→ EXERCISE AIM
Would you repeat the whole listing exactly, pictures excluded?

→ EXERCISE DATA
○ ○ ○ ○
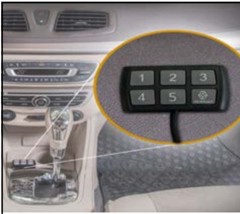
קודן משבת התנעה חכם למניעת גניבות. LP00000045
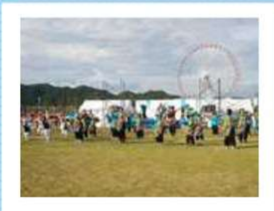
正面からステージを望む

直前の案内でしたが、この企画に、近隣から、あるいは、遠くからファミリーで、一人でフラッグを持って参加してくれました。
○ ○ ○ ○
→ EXERCISE OUTPUT
קודן משבת התנעה חכם למניעת גניבות. LP00000045
正面からステージを望む

直前の案内でしたが、この企画に、近隣から、あるいは、遠くからファミリーで、一人でフラッグを持って参加してくれました。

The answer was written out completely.